Я ни о чём не думал. Только чувствовал. Боль, ужас и опустошающее чувство одиночества, вымораживающее душу. Мысли сами проносились через сознание. Образы сами всплывали в памяти. Я не мог их контролировать, а иногда даже отслеживать. Свидания. Поцелуи. Ссоры. Моменты жизни на двоих. Улыбки. Слёзы. Мечты. Фразы. Её смех. Отдельные воспоминания, как искорки от костра, с уютным потрескиванием взметались вверх из разгоревшейся, воспламенившейся памяти, вспыхивали на мгновение и угасали.

Не знаю, сколько я пролежал в обнимку с Рашель. Кто-то неведомый и непостижимый до сих пор не вернул течение времени в норму. Наверное, никогда ещё я не лежал с ней вот так – просто: чтобы ничего не делать, ни о чём больше не думать, а лишь переживать этот момент. От мысли этой стало ещё больней. Невыносимо больно и обидно. Вскоре к переживаниям этим примешалась ярость. Анестезия чувств, вызванная шоком, начала отпускать. Я будто только сейчас всё осознал.

Я вновь вскочил на ноги, взревел и с разбега пнул Роба в грудь. Он влетел в шкаф, разбив в полёте телевизор. Экран заискрил, коротнуло электричество. Я подбежал к ещё валяющемуся в куче вещей роботу и начал неистово бить его по лицу. От моих шлепков даже не треснула кожа, обтягивающая титановый скелет Роба. Зато опухли, покраснели и местами начали кровоточить мои кулаки. Обессилив от ярости и боли в руках, я повалился рядом с Робом.

— Вам нужна помощь, товарищ? – невозмутимо спросил робот, поднимаясь и пытаясь поднять меня.

— Пошёл к чёрту! – проревел я отмахиваясь.

Роб подхватил меня за руки и поставил на ноги перед собой. Он, как всегда, дружелюбно и радостно смотрел на меня, то ли не понимая, что произошло, то ли понимая намного больше меня. Только сейчас я догадался запросить отчёт о случившемся.

— Роб, почему ты не защитил нас от бандита?

— В данной ситуации, — как обычно, сухо и уставно начал отчитываться Роб. – Я учёл положение, потребности и интересы каждого участника конфликта. С учётом информации, полученной из доступных мне баз данных, я выбрал меньшее из всех вариантов зол.

— Это? – показал я на тело Рашель и разгром в доме. – По-твоему, это меньшее из зол?!

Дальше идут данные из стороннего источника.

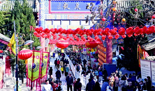 2月24日农历正月初八,2026年玉泉观“上九会”民俗文化活动在秦州区玉泉景区举办。景区内张灯结彩、喜气洋洋,市民游客拾级而上,系红绸、猜灯谜、祈福纳祥。
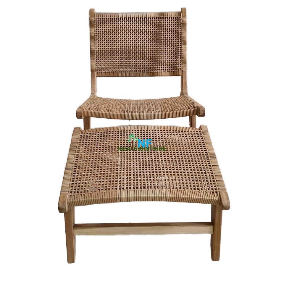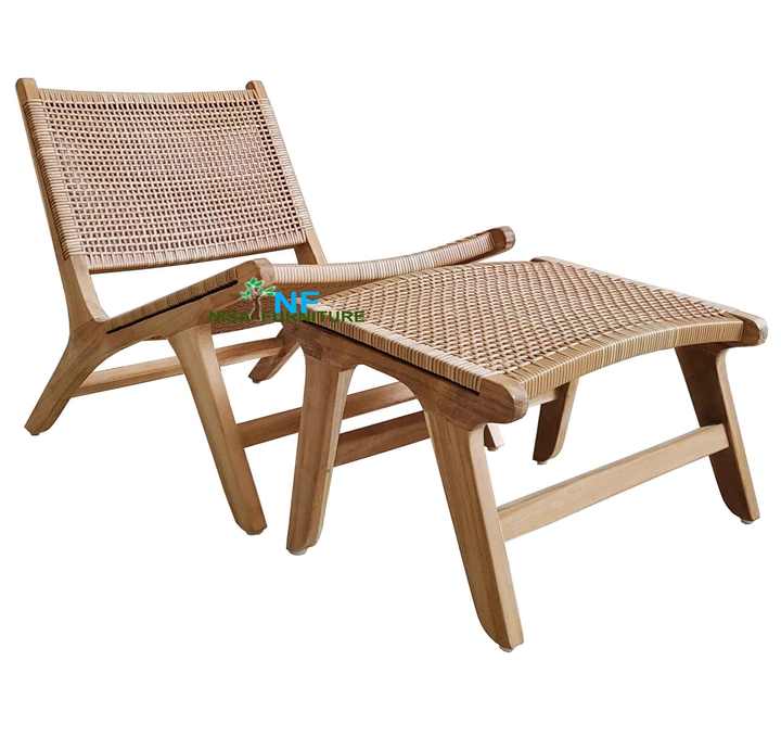 เก้าอี้หวาย PE แบบโมเดิร์นทำจากไม้สักแข็งเก้าอี้พักผ่อนในสวนกลางแจ้งเฟอร์นิเจอร์สำหรับสวน

Роб безучастно кивнул и продолжил:

— По имеющейся у меня информации, у товарища Рашель после опытов и экспериментов в области продления жизни развилась невосприимчивость к эликсиру омоложения. Несколько её генов мутировали и начали сбоить. Она больше не была способная продлевать молодость. И вскоре начала бы интенсивно стареть. Она знала об этом, но не говорила вам, товарищ Авим.

Я попятился, несогласно мотая головой. Роб не останавливался:

— Взломщик, некто товарищ Мак Кавей, — разнорабочий на заводе по производству спецроботов. Вот почему у него было оружие. Женат. Имеет двоих детей. Не имеет доступа к технологии омоложения. Социальная несправедливость и вызвала его гнев. Ваша семья оказалась между молотом его недовольства и наковальней порочной системы. На похищенные у вас деньги товарищ Мак Кавей сможет продлить жизнь себе и всей своей семье.

— Но ты должен был защищать нас! Понимаешь? Меня и Рашель. Почему ты напал на меня, вместо того, чтобы обезвредить бандита?

— Отнюдь, товарищ Авим. Настройка «Неравенство» вводит новые переменные и модификаторы, с учётом которых я принимаю решения. Согласно этой программе, все участники конфликта неравны. Потому во внимание берутся любые обстоятельства: пол, возраст, социально-экономическое положение, здоровье и даже дальнейшие перспективы. Правота определяется как перевес совокупных переменных в пользу конкретного участника отношений. Иными словами, правота равна утилитарности. В данном случае у товарища Рашель не было перспектив продлевать себе молодость и жить долго. У вас, товарищ Авим, – они были. При удачном ограблении они появлялись также у товарища Мак Кавея и его семьи. С позиций утилитаризма я должен был защитит вас и товарища Мак Кавея. Защита товарища Рашель была нецелесообразна и не прагматична.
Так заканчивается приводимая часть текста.